Beáta Gavurová, Tatiana Vagašová

Abstract

The aim of paper is to analyse the development of standardised mortality rates for ischemic heart diseases in relation to the income inequality in the regions of Slovakia. This paper assesses different types of income indicators, such as mean equivalised net income per household, Gini coefficient, unemployment rate, at risk of poverty threshold (60 % of national median), S80/S20 and their effect on mortality. Using data from the Slovak mortality database 1996-2013, the method of direct standardisation was applied to eliminate variances resulted from differences in age structures of the population across regions and over time.
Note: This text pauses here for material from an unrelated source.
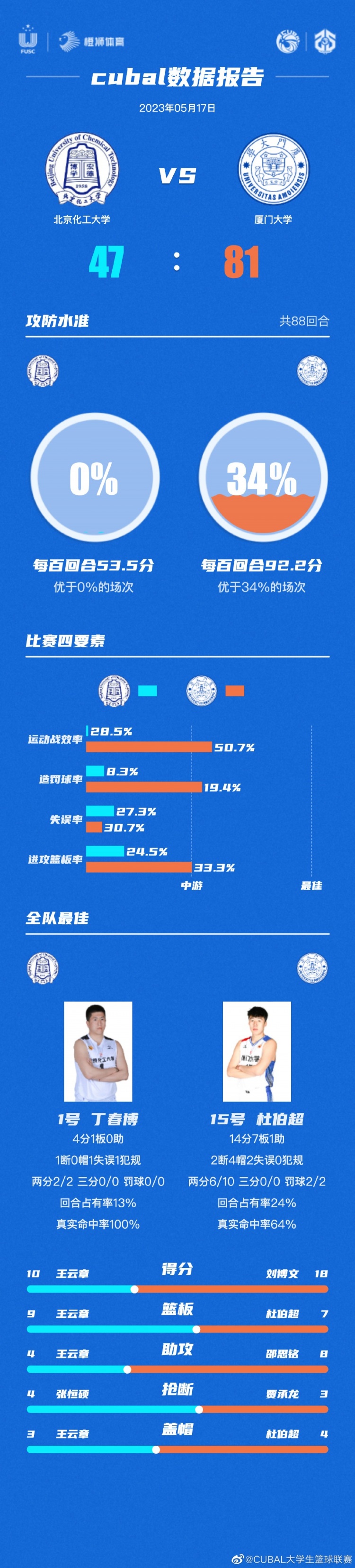 末节,厦大稳扎稳打将分差稳定在20分。最终全场结束,比分47-81,厦门大学挺进胜者组。

To examine the relationships between income indicators and standardised mortality rates, we used the tools of descriptive statistics and methods of correlation and regression analysis. At first, we show that Slovakia has the worst values of standardised mortality rates for ischemic heart diseases in EU countries. Secondly, mortality rates are significantly higher for males compared with females. Thirdly, mortality rates are improving from Eastern Slovakia to Western Slovakia; additionally, high differences in the results of variability are seen among Slovak regions. Finally, the unemployment rate, the poverty rate and equivalent disposable income were statistically significant income indicators. Main contribution of paper is to demonstrate regional differences between mortality and income inequality, and to point out the long-term unsatisfactory health outcomes.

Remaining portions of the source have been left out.